San Bernardino is a Baroque architecture, Roman Catholic church on 8 via Soliana, corner with via Cesare Nebbia, in Orvieto, region of Umbria, Italy.

==History and description==
In 1451, the city gave permission for a nunnery of Observant Franciscans, following rules set forth by Bernardino of Siena (1380 – 1444), who would be canonized in 1450. The nuns were under the order of the Sisters of San Bernardini of the Penitent Third Order. A monastery with an adjacent oratory was erected by 1462. In 1513, one of the main patrons being a sister of the wife of the Count of Marsciano; four nuns were brought here from Sant'Anna in Foligno. In 1544 the monastery was transferred to Poor Clares.

The church of San Bernardino was built in 1657 to a design by Cosimo Poli, nephew of Bishop Cardinal Fausto Poli. Located between the Palazzo del Conte Lodovico di Marsciano (now called Palazzo Crispo Marsciano and the monastery. The church layout is elliptical and has four side altars. The cloistered nuns choir was located at the rear of the church. The main altarpiece depicts an Enthroned Madonna and child between Saints Peter and Paul with Saints Francis and Bernardino, attributed to Sinibaldo Ibi. Near the entrance, the travertine holy water stoup is attributed to Ippolito Scalza.

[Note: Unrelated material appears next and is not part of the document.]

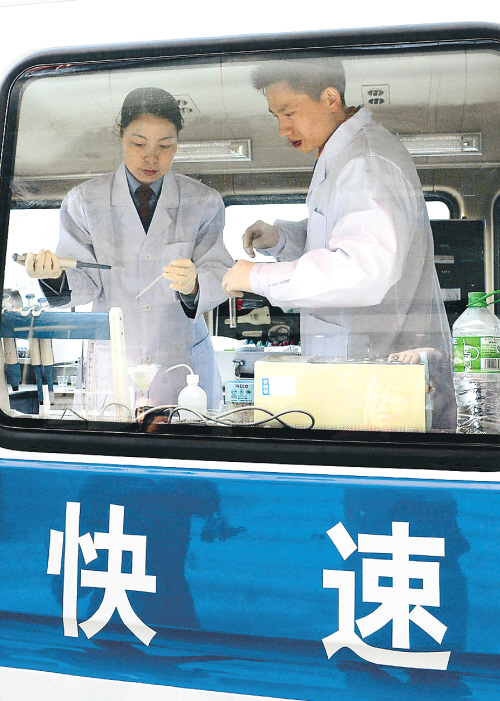 3月13日,在郑州街头一辆食品快速检测车内,工作人员在检测食盐的含碘量。 在“3·15”国际消费者权益日来临之际,河南省工商局组织了18辆食品快速检测车分赴全省各市、县,对当地的食品市场进行巡查检测,打击制售不合格食品的违法行为。 新华社记者王颂摄

The first altar on the right depicts the Education of the Virgin (circa 1650) and is attributed to Giacinto Gimignani. In the presbytery are two panels depicting the Blessed Angelina of Montegiove (also known as Angeline of Marsciano), and part of the family of the Counts of Marsciano, and including Bishop Giuseppe dei Conti di Marsciano, who consecrated San Bernardino in 1739.

In 1581, the nuns sold the property to the west to Vicenzo Buzi, who built the Palazzo Buzi. They bought Palazzo Crispo Marsciano to the east in 1618. This palace subsequently passed to the Commune, and now the baroque palace houses the offices Guardia di Finanza.